而我,只覺得心臟砰砰跳動,呼吸不能自已,是忽然和男子相觸的戰栗,或是別的,已不能分辨。
伸手愣愣地摸著自己的唇瓣,腦子里卻突兀的響起了一個聲音,也許應該去找個道士看看了,我最近可能……紅鸞星動了?
耳朵里便再也聽不到其他的,須臾,卻是他的笛音又飄了過來,幾乎是立刻,胸口一陣鈍痛。
他吹失魂引!他居然吹失魂引!
剛剛本就難受的很,如今卻是被他一個重擊!臉色蒼白之下,額間的汗便不斷的落下。
我抬眸冷冷看向外面那些人,果然剛剛那些有淫褻之心的人此刻全部面露春光,幾乎就要立刻脫衣,做出一些有傷風化的動作。還有些人則是滿臉陶醉,可見她們剛剛是真的對了愛樂之心,此刻自然倍感愉悅。
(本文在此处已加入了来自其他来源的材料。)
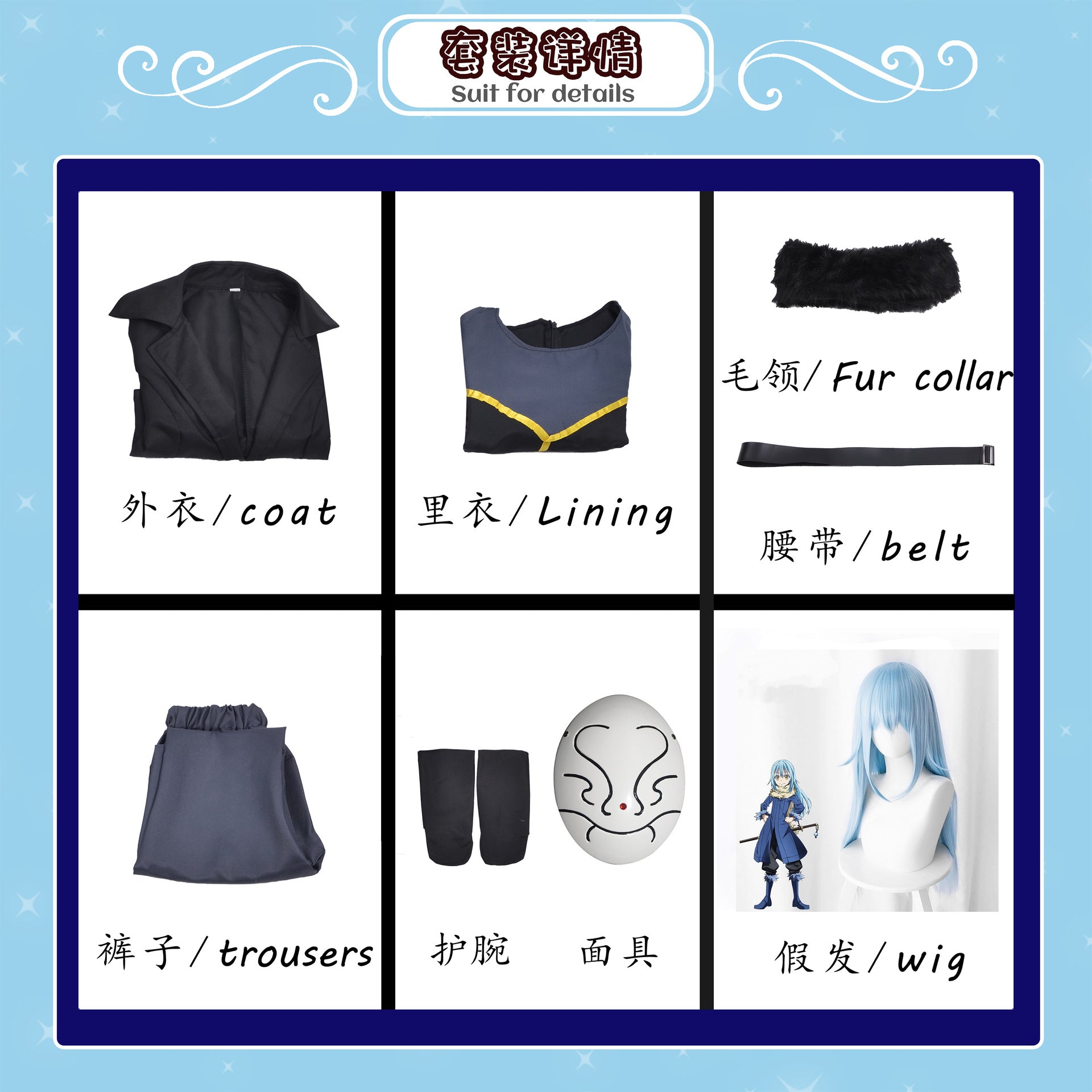転生したらスライムだった件 コスプレ衣装 リムルセット ロールプレイングアニメスタイル (品番 : 643790264641_QT(SY+KZ+PF+YD+ML)_36) ¥20,107 JPY ¥28,724 JPY 29% OFF 3988 在庫あり 色: コンプリートセット(トップス+パンツ+ケープ+ベルト+ファーカラー) コンプリートセット(トップス+パンツ+ケープ+ベルト+ファーカラー) サイズ: 36 36 購入数 カートに追加 商品説明 魔王の黒衣装の重さは約0.85kgです。 マスクの重さは約0.12kgです。 ウィッグの重さは約0.3kg ! ! 商品登録日 February 23, 2026 タグ # cos # 史莱姆 # 角色扮演
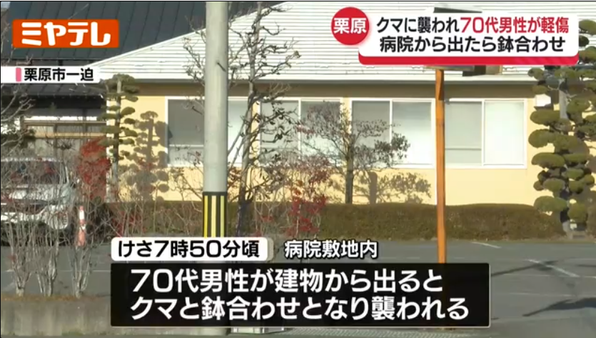 11月22日,宫城县栗原市一迫的一家医院院区内发生熊袭击事件。一名70多岁的男性刚从医院建筑物走出时,突然与一头熊正面相遇并遭到攻击。该男子面部和右臂受了轻伤,随后被送往医院治疗。
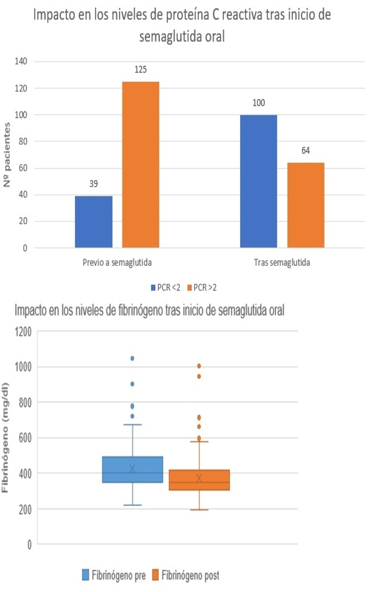 Resultados: Se incluyeron un total de 164 pacientes (edad media 68 ± 9 años, 37,6% mujeres. El 70% recibieron dosis de semaglutida 7 mg. Las principales características se recogen en la tabla. Tras un seguimiento medio de 370 ± 42 días, el 10,4% interrumpió el tratamiento, predominantemente por causa gastrointestinal. 13 pacientes (7,9%) experimentaron un evento CV mayor. El tratamiento con semaglutida redujo significativamente los niveles de PCR en el seguimiento (pre 6,69 ± 9,05 mg/l frente a post 2,87 ± 6,13 mg/l) y fibrinógeno (pre 428 ± 130 mg/dl frente a post 370 ± 113 mg/dl) (Figura). En el análisis multivariante, el tratamiento con semaglutida fue predictor independiente de reducción sostenida de PCR en el seguimiento (HR 3,55; IC95% 1,39-9,06; p0,008), junto con los niveles de PCR previos (HR 1,15 IC95% 1,06-1,24, p < 0,001).
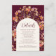 Den här boho faller med rustik Wildblomsburgundy Bröllop-detaljkortet med mallar som är lätta att använda för i elegantens moderna typografiskript. En snyggt och ett användbart tillägg till din invigningssvit för burgiga elfenbenstorn, designat för att sömlöst komplettera din firande karm. Med handmålade vildblommor i varma, automatiska toner av bränd orange, terracotta, lila, gult, koral, bränt antal, persika och mjuk rosa ger detta kort en aning elegans och stollig. De vackra romantiska bohemiska blommigtarna under hösten skapar en förfinad men naturområdet inspirerad estetik, medan elegantens manustypografi tillför en modern kontrast. Designat med det ursprungliga tecknet av Catherine Sweetman fångar det centrala i firande, och inbjuder dina kära att gå med dig i ett varmt, oförglömligt firande i kärlek.
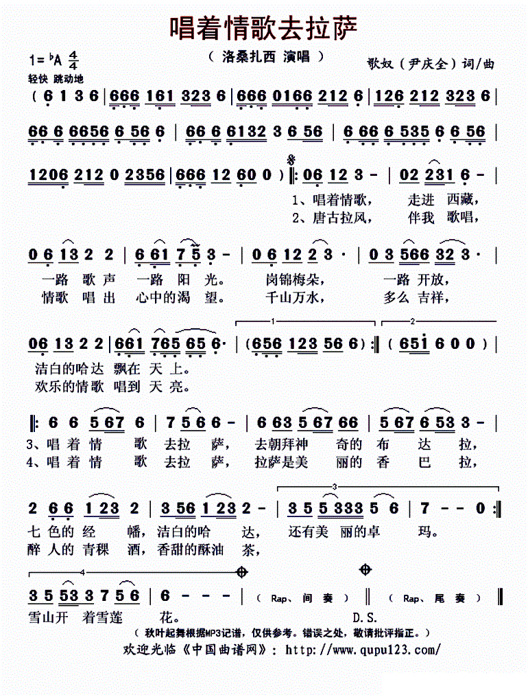 - [歌谱] 去拉萨的路有多远 阿斯根

失魂引,只要聽音者有絲毫的情緒波動便會做出身體下意識的反應。
王郎,他到底想做什么?
鈍痛漸變,刮骨之痛清楚的襲來,再這么下去,我恐怕真要死在這里了。眼神便往外面的洛水望去,不若再跳一次水?總比活活的痛死強。
這般想著,身子便要動彈,他卻在這時回過身來。
許是我臉色蒼白的過分了些,他吹曲子的動作一頓,少頃才微一挑眉,“你……現在在想什么?”
唔,問的這么淺顯直接,試探么?
我輕輕吐了一口氣,冷冷一笑,“剛剛在想如何去黃泉……本來沒那么強烈,不知怎的聽著你的曲子卻突然想立刻死去。”
他的眉頭便立刻的蹙起,聲音里竟帶了絲怒意,“你剛剛動的‘死’念?”
我不說話,就這么盯著他。
岸上的人卻忽然躁動起來,“公子啊!求您賜曲!”“求賜曲子!”
漸漸的,呼聲便統一了起來,隱隱還夾雜著嗚咽之聲。
我恨的咬牙,有人為這失魂引痛得要死,卻也有人為之著迷至如此地步。他們竟不知,剛剛自己是生死一線嗎?
他卻不管外面那些人,眸里有瞬間的復雜,“我以為丫頭你總有一絲對我的情動。”
外面的呼聲已經越來越高,幾乎是他的話音一落,我便立刻知曉了他的意圖。竟是要以失魂引來測我對他的心意么?若只有一絲,那在失魂引之下便會成了十分,若是夠了十分,便翻倍成了百。
哈,真是好笑,恐怕就算我有,幾首曲子下來,這輩子他也不會知曉了!
胸口之痛久久不退,我輕輕閉上了眼睛,須臾,有氣無力的低聲道,“太吵了。”
他臉上的表情一冷,含著內力的聲音便擴散了出去,“安靜!”
瞬時,先前齊齊的喊聲便是一停,再無言語,王郎依舊看著我,聲音卻是對著外面,更用了幾絲的威壓,“退去!”
我瞇了眼看水畔,那些人表情難受,卻不得不聽從命令,乖乖的有秩序的退了。
額間的汗浸濕了先前已經干了的頭發,竟是連睜眼都有些費勁,他居高臨下的看著我,語氣淡淡,“你聽過我的這首曲子?”
聽過他的曲子,便是見過他,除非是動了殺念,否則怎會疼痛至此!
明白他的意思,我一驚,下意識的便撒了謊,很是虛弱的淺笑,“公子又說笑了……我只是中了一種毒,無解。”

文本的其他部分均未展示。